Sweet Lou Johnson Comes Home

By Dr. Daniel Durbin | 8/14/13 |

Sweet Lou Johnson Comes Home

It was the most famous (and infamous) fight in Major League Baseball history.  Many of the causes are lost in the murky mists of memory that linger still between the Los Angeles Dodgers and the San Francisco Giants.  But, on August 22, 1965, the Giants ace pitcher Juan Marichal took a baseball bat to the head the Dodgers catcher, John Roseboro.

A bare few weeks after being called up to the majors to replace Tommie Davis who had fractured his leg, Sweet Lou Johnson, playing left field that day, saw his catcher bleeding from the head and, in his own words, he went crazy.

Sweet Lou Johnson’s road to the Major Leagues had been a hard one.  He had played in the old Negro Leagues, bounced around the minors for a decade, and was at the end of his tether by the close of the 1964 season.  At the start of the 1965 season, Sweet Lou decided this would be his final shot.  If he didn’t make it to the Majors this season, he would give up, move back to Lexington, Kentucky, and find another career.

Sweet Lou always believed he had the talent to be a starting Major League player.  But, he had never had the opportunity to get to the Majors and stick.  He was pretty sure he knew at least one reason why he had not.

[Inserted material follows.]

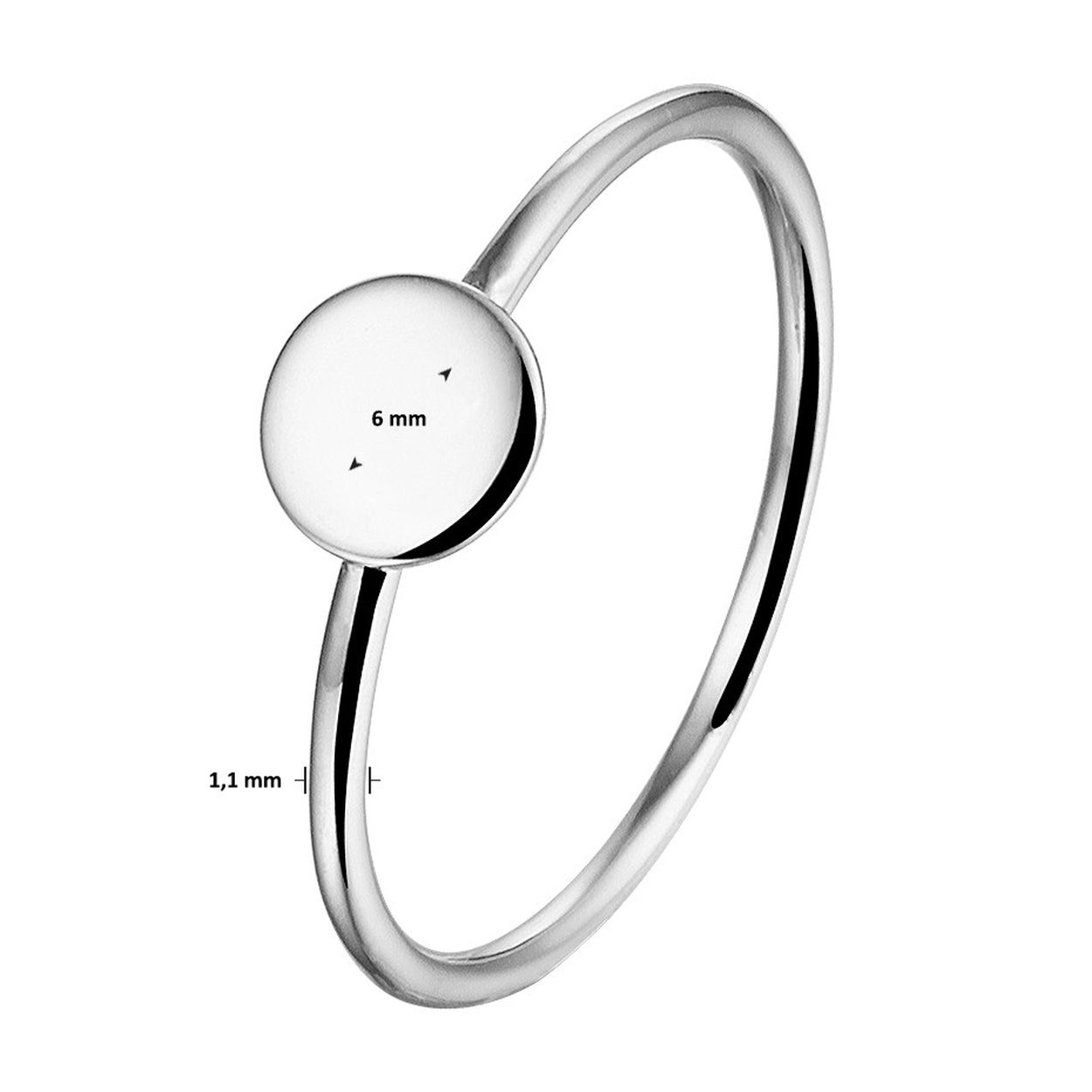 Gerhodineerd zilveren ring uitgevoerd met een poli afgewerkt rondje. De ring heeft een breedte van 6mm.

Belying his name, Sweet Lou Johnson may have been baseball’s original angry young man.  Sweet Lou discussed that anger and many other subjects this summer as part of the USC Annenberg Institute of Sports, Media and Society’s oral histories project.  You can find information about the African-American Experience of Major League Baseball project on the following link.

AISMS African-American Experience in Major League Baseball Research Project

Sweet Lou felt the indignities of open racism and taunting throughout his career.  Lou freely expressed his rage.

During that first summer in the Major Leagues, Sweet Lou was asked by a reporter why “you black guys” hit the baseball so aggressively.  Sweet Lou responded as if the answer were obvious, “Because the ball’s white.  We like to think we’re beating hell out of a white guy.”

The reporter walked away and didn’t come back.  For a decade, so had Major League Baseball.  Sweet Lou was a man with a reputation.

Sweet Lou’s anger hurt him in other ways.  The legendary Buck O’Neil, who coached Lou on the Kansas City Monarchs during Lou’s time in the Negro Leagues, told Lou that his anger got in the way of his play.  Buck taught Sweet Lou how to focus his anger, how to use it to become a more efficient and effective baseball player.

With the death of the Negro Leagues, Sweet Lou moved on to the other league, floating from the Chicago Cubs to the Los Angeles Angels to the Milwaukee Brewers to the Los Angeles Dodgers, never really finding a home in the Major Leagues.

Then, in one of the most violent explosions of anger ever displayed on a baseball diamond, Sweet Lou saw his catcher bloodied, his pitcher, Sandy Koufax, threatened, baseball bats in the hands of his enemies and he went crazy.  In the next fourteen minutes, Sweet Lou would find the home that had always eluded him.

Running like a mad man, Lou Johnson raced in from left field, looking to punch, kick, in some way beat down anything he found in the orange and black of the hated Giants.  He dove into the fray.  But, just as he started to flail away, he found his feet coming off the ground and his blows and kicks flying harmlessly in the afternoon sun.  The Giants great first baseman, Willie McCovey, had picked up Lou from behind and was holding him in the air.

Sweet Lou would not be able to pour out his years of anger and frustration on the bodies of San Francisco Giants that day.  But, he would get some measure of revenge on the entire baseball world that October when he would hit the game-winning home run of the seventh and final game of the 1965 World Series.

Sweet Lou Johnson sat at the top of the baseball world that fall.  He was a World Series hero.  On the largest stage in his sport, he had shone as few players before or since would ever shine.

One month after the World Series, Sweet Lou would return to his parent’s home in Lexington for a parade that was to be thrown in his honor.  As Sweet Lou sat in a car staring out at all the faces, black and white, that cheered him through the streets of his hometown, one thought crept into the back of his mind. 

“When I was a kid, I would never have been allowed to sit on the curb of this street.  You’d have beaten the hell out of me just for trying.”

The next spring, Sweet Lou Johnson would return home to the Los Angeles Dodgers.  Dodgers Stadium remains Lou’s home, to this day.  He works with the Dodgers’ community relations program at the ripe young age of 79.

In a sport that barred African-American’s for over half its history and still cannot find the words to truly invite the African-American community into its game, in a city known more for its movie stars than sports stars, an angry young black man from Kentucky found his home.